▸ Your assignment
Restate each record word for word, omitting whatever pictures it holds.
»»
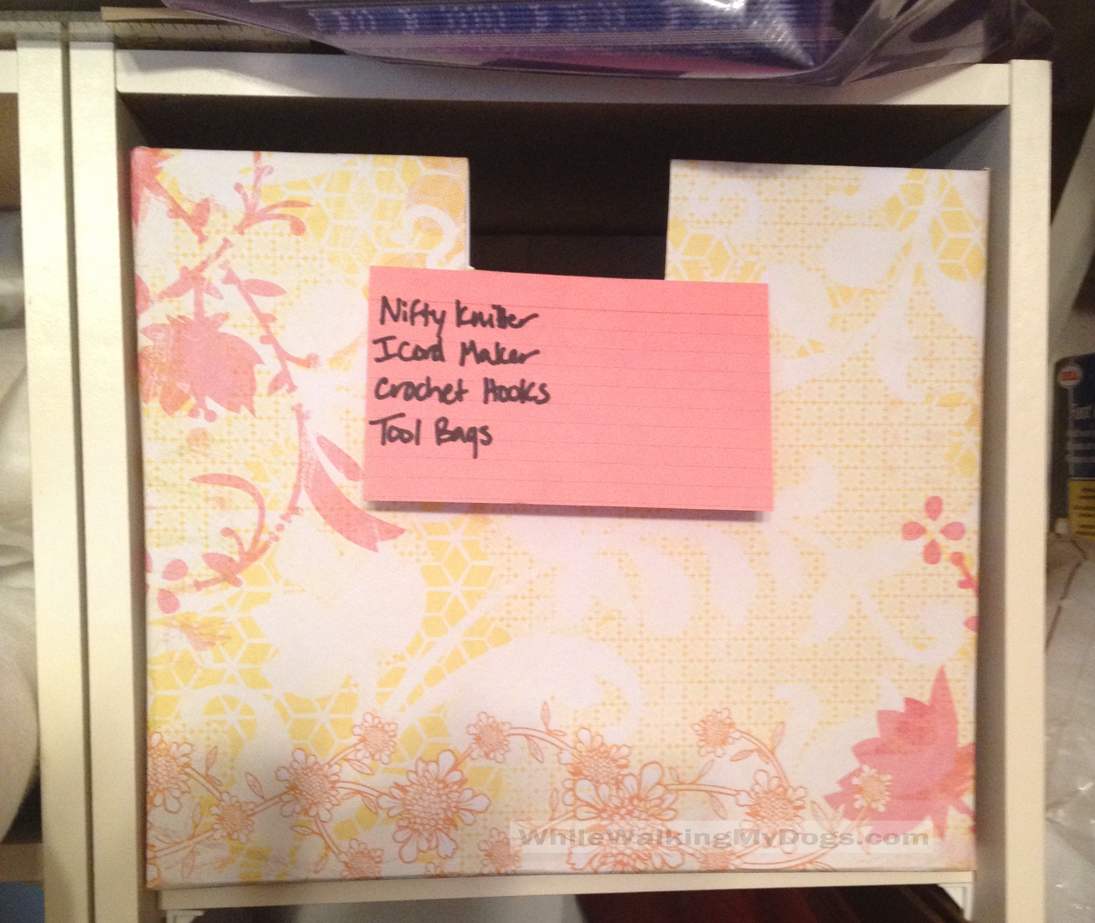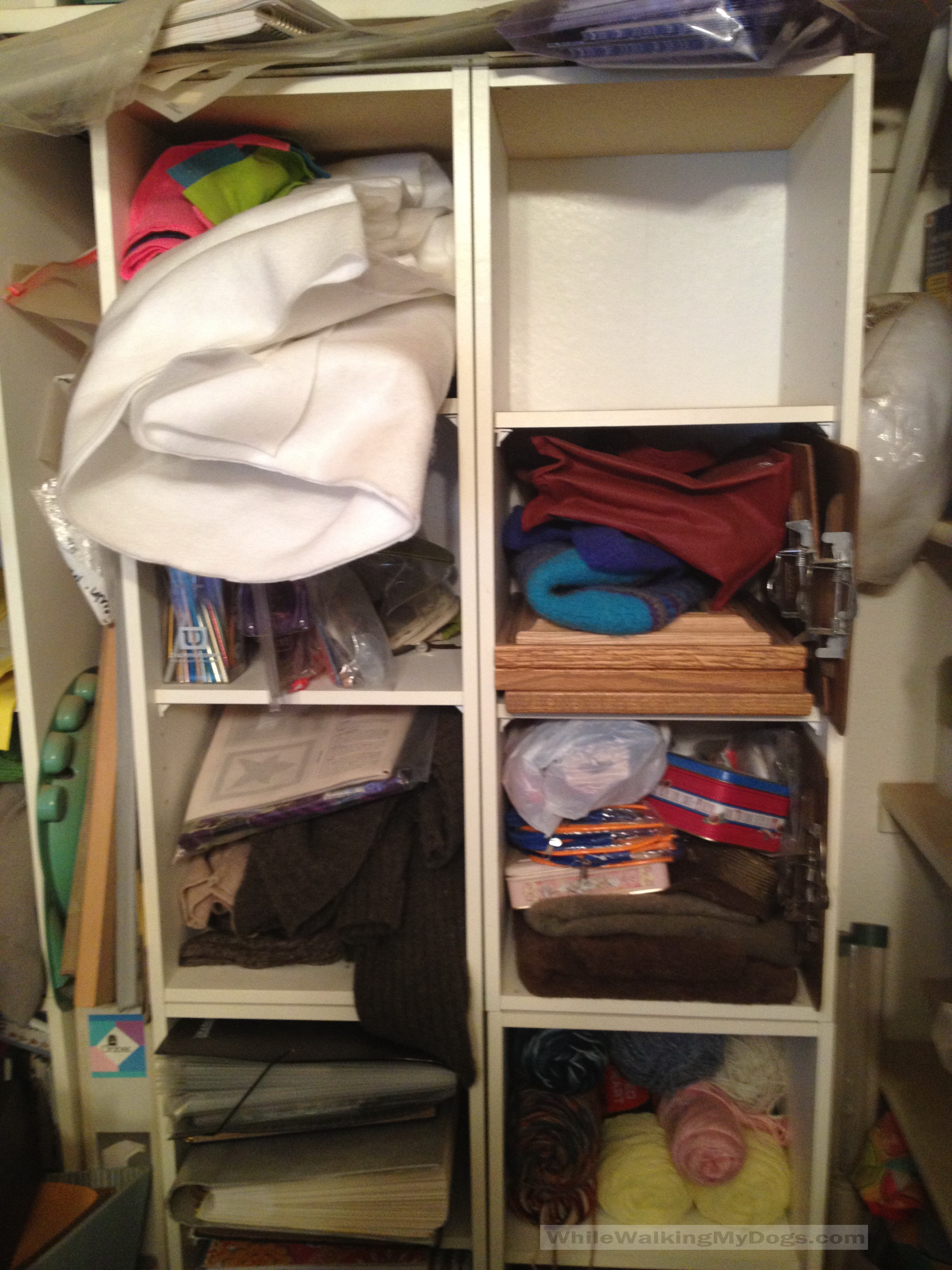 I have a collection of cubbies that I use for storage in the closet in my Craft room. I removed the closet doors years ago so the space was visible. Every now and then I wish I still had the doors so I could hide the mess :-). But I don’t so my only course is to tidy things up. As you can see I’ve let it get away from me, so when I saw this post, I knew exactly what I needed to do.
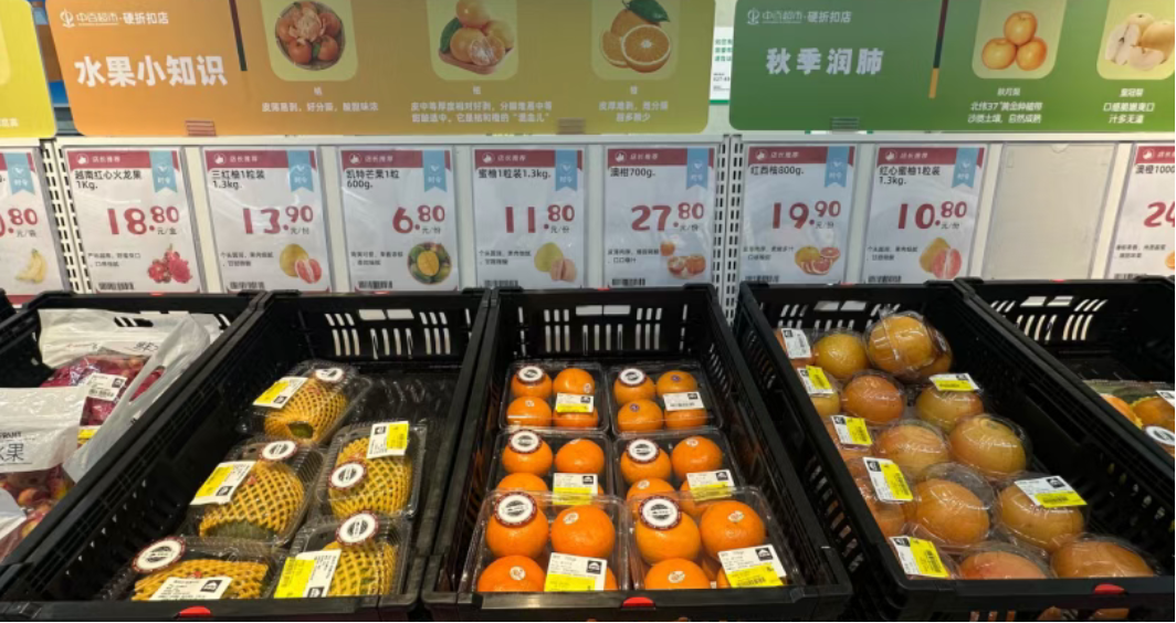水果产品方面,以时令、季节限定商品为主,同时还会设置水果导购牌和水果小知识,颇有“胖改”的味道。
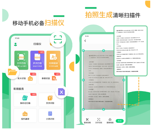 一款颇为专业的手机扫描工具,在对着纸质版文档进行拍摄之后不仅是能够进行文字的自动识别,还可以自动生成为清晰版本的扫描件样式,更是可以添加多种滤镜、水印,满足不同的需求。在生成的阶段我们还可以选择将文字提取识别出来,这样方便后续的修改,或者是转化为可以复制文字的PDF格式以满足工作上的一些特殊需求。
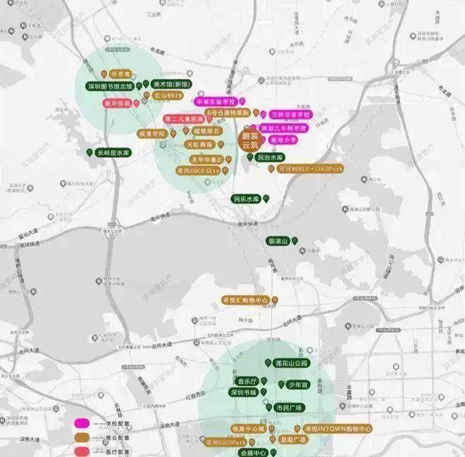 学校配套:项目自带1所12班制幼儿园,北侧规划有一所广东省一级学校建设标准的九年一贯制72班学校待建,据传是深实验学校进驻,根据龙华教育局2024年最新的学区划分,小初学区都是划分在华南实验学校
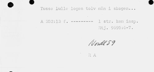 //// Tusse lulle logen tolv män i skogen... //// A 352:13 f. --- 1 str. kom insp. //// Rtj. 9695:6-7. //// R A il Åt ////
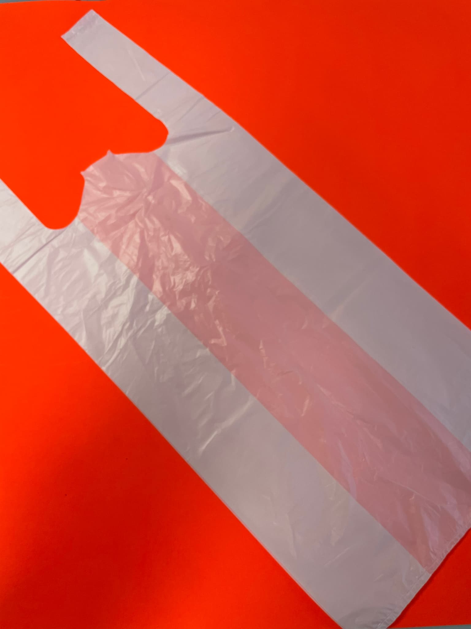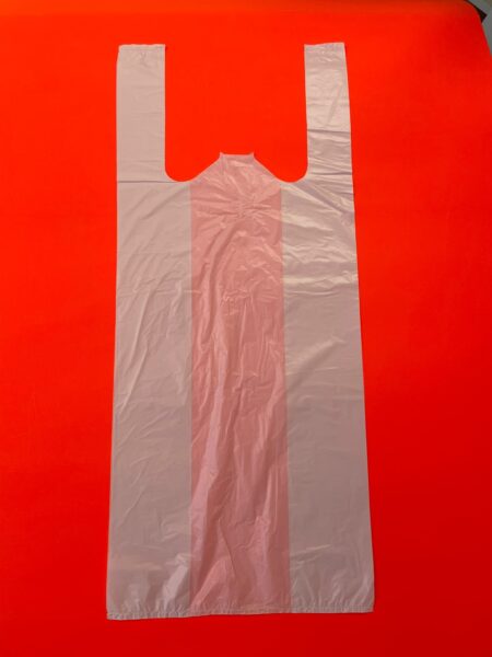 Bolsa 80×90 camiseta. Bolsa de polietileno, alta densidad de asa blanca.
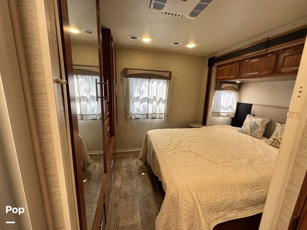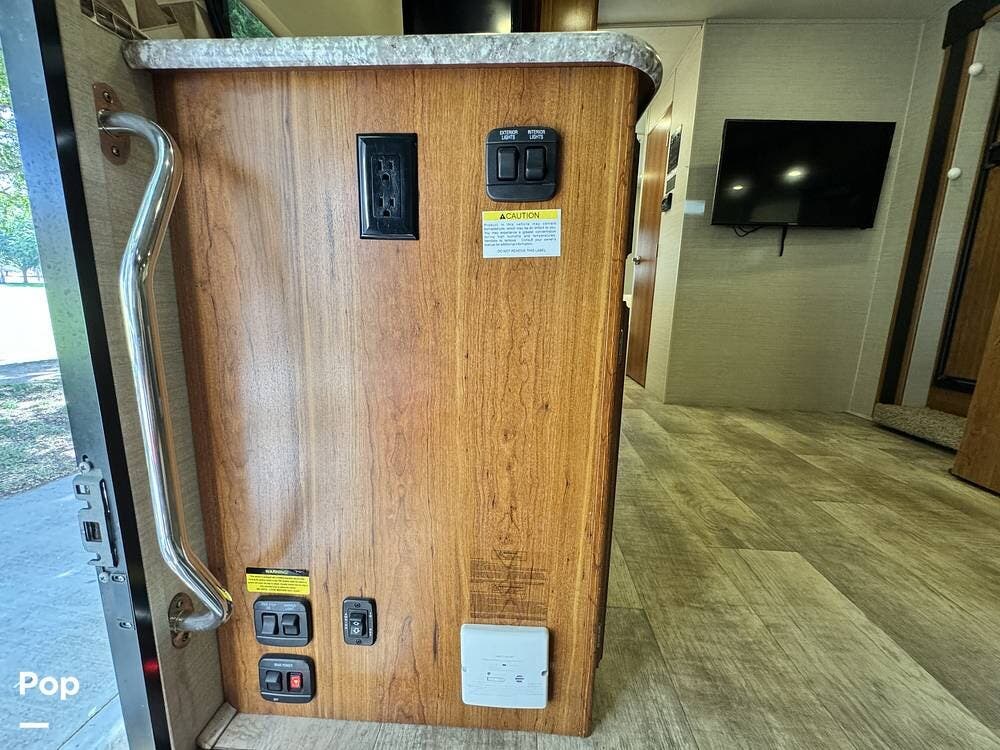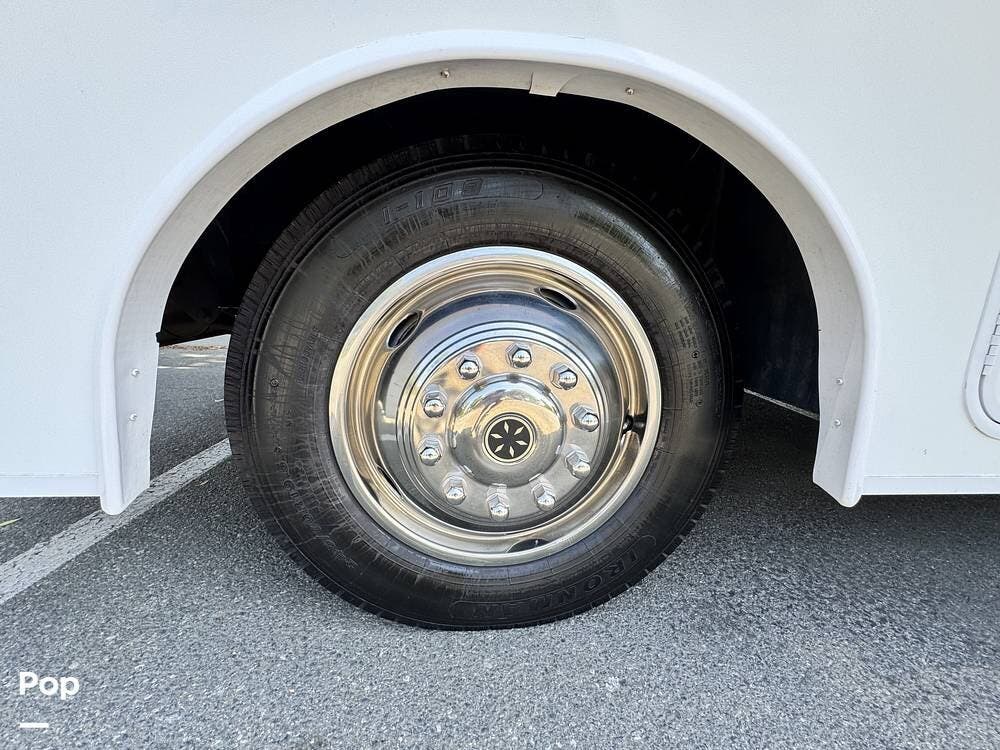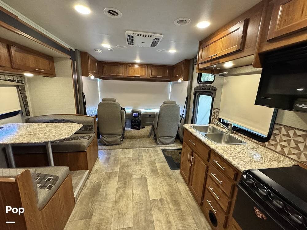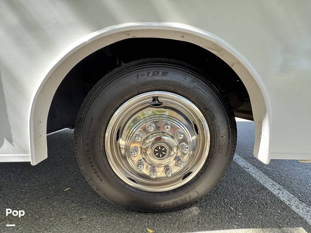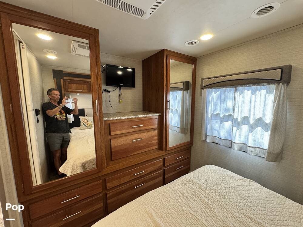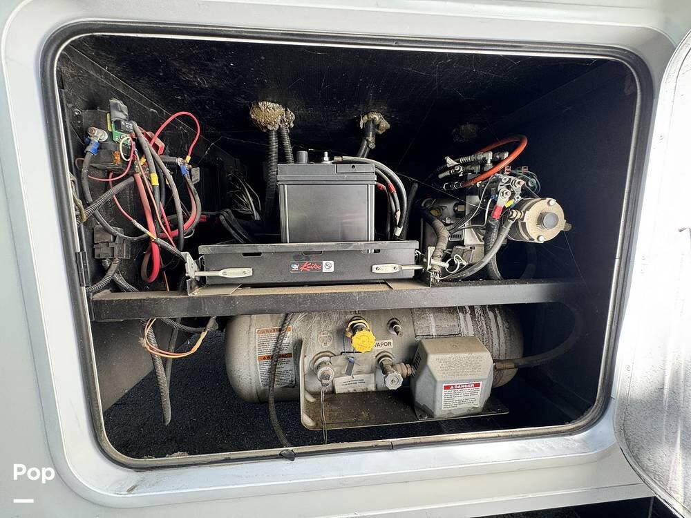 Utility highlights include a 4,000-watt Onan generator, a 77-gallon freshwater tank, a 40-gallon gray water tank, a 50-gallon black water tank, two 11,000 BTU ACs with an Energy Management system, and a 31,000-BTU furnace.
««
▸ Final answer
 I have a collection of cubbies that I use for storage in the closet in my Craft room. I removed the closet doors years ago so the space was visible. Every now and then I wish I still had the doors so I could hide the mess :-). But I don’t so my only course is to tidy things up. As you can see I’ve let it get away from me, so when I saw this post, I knew exactly what I needed to do.
水果产品方面,以时令、季节限定商品为主,同时还会设置水果导购牌和水果小知识,颇有“胖改”的味道。
 一款颇为专业的手机扫描工具,在对着纸质版文档进行拍摄之后不仅是能够进行文字的自动识别,还可以自动生成为清晰版本的扫描件样式,更是可以添加多种滤镜、水印,满足不同的需求。在生成的阶段我们还可以选择将文字提取识别出来,这样方便后续的修改,或者是转化为可以复制文字的PDF格式以满足工作上的一些特殊需求。
 学校配套:项目自带1所12班制幼儿园,北侧规划有一所广东省一级学校建设标准的九年一贯制72班学校待建,据传是深实验学校进驻,根据龙华教育局2024年最新的学区划分,小初学区都是划分在华南实验学校
 //// Tusse lulle logen tolv män i skogen... //// A 352:13 f. --- 1 str. kom insp. //// Rtj. 9695:6-7. //// R A il Åt ////
 Bolsa 80×90 camiseta. Bolsa de polietileno, alta densidad de asa blanca.
 Utility highlights include a 4,000-watt Onan generator, a 77-gallon freshwater tank, a 40-gallon gray water tank, a 50-gallon black water tank, two 11,000 BTU ACs with an Energy Management system, and a 31,000-BTU furnace.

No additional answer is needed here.